Action item:
Without including any picture, copy the entries that follow word for word.

Extracted information:
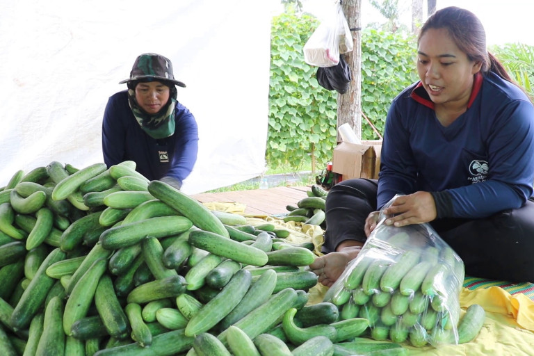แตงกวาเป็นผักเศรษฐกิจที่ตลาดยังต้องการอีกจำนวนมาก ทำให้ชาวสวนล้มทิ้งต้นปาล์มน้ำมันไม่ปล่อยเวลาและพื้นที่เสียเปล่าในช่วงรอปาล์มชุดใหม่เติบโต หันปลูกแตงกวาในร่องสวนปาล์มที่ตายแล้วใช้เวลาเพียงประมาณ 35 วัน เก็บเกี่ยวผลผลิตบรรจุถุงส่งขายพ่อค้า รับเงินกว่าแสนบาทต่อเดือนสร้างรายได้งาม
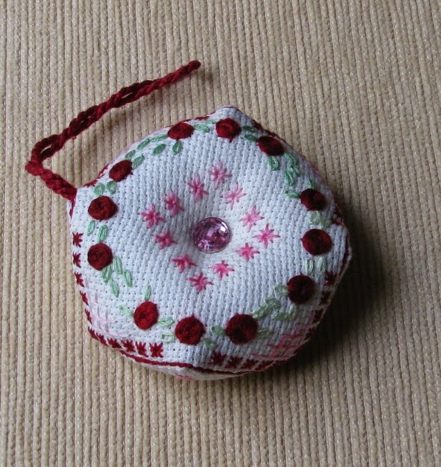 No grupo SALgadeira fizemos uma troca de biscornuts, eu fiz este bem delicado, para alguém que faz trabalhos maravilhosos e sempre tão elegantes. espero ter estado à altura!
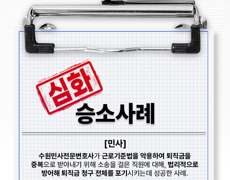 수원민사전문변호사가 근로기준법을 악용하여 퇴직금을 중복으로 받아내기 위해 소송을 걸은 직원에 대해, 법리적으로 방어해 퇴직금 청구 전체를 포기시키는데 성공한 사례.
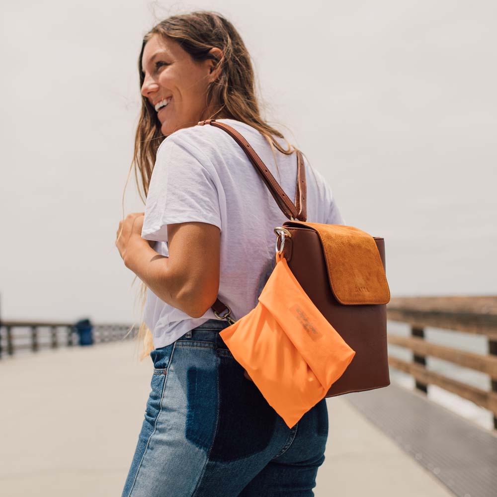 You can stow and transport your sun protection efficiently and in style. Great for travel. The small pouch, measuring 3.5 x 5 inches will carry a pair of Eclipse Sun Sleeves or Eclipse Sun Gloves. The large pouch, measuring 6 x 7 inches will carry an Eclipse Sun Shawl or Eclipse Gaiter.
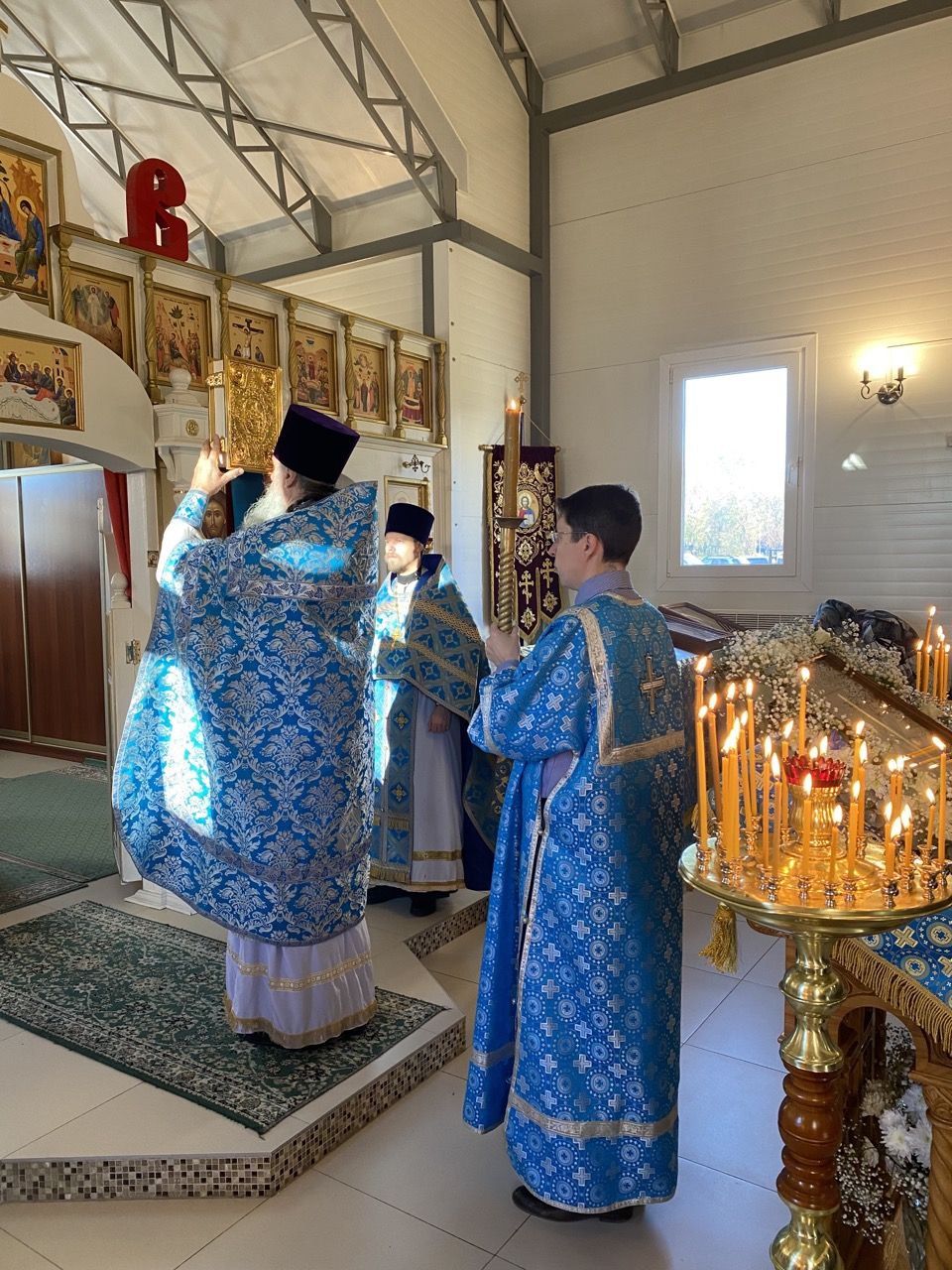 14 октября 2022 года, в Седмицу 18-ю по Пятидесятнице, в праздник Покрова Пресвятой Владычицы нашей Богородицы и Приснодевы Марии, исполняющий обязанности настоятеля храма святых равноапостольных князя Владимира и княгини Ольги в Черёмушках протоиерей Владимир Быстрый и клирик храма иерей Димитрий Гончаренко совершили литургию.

Exercise result:
แตงกวาเป็นผักเศรษฐกิจที่ตลาดยังต้องการอีกจำนวนมาก ทำให้ชาวสวนล้มทิ้งต้นปาล์มน้ำมันไม่ปล่อยเวลาและพื้นที่เสียเปล่าในช่วงรอปาล์มชุดใหม่เติบโต หันปลูกแตงกวาในร่องสวนปาล์มที่ตายแล้วใช้เวลาเพียงประมาณ 35 วัน เก็บเกี่ยวผลผลิตบรรจุถุงส่งขายพ่อค้า รับเงินกว่าแสนบาทต่อเดือนสร้างรายได้งาม
 No grupo SALgadeira fizemos uma troca de biscornuts, eu fiz este bem delicado, para alguém que faz trabalhos maravilhosos e sempre tão elegantes. espero ter estado à altura!
 수원민사전문변호사가 근로기준법을 악용하여 퇴직금을 중복으로 받아내기 위해 소송을 걸은 직원에 대해, 법리적으로 방어해 퇴직금 청구 전체를 포기시키는데 성공한 사례.
 You can stow and transport your sun protection efficiently and in style. Great for travel. The small pouch, measuring 3.5 x 5 inches will carry a pair of Eclipse Sun Sleeves or Eclipse Sun Gloves. The large pouch, measuring 6 x 7 inches will carry an Eclipse Sun Shawl or Eclipse Gaiter.
 14 октября 2022 года, в Седмицу 18-ю по Пятидесятнице, в праздник Покрова Пресвятой Владычицы нашей Богородицы и Приснодевы Марии, исполняющий обязанности настоятеля храма святых равноапостольных князя Владимира и княгини Ольги в Черёмушках протоиерей Владимир Быстрый и клирик храма иерей Димитрий Гончаренко совершили литургию.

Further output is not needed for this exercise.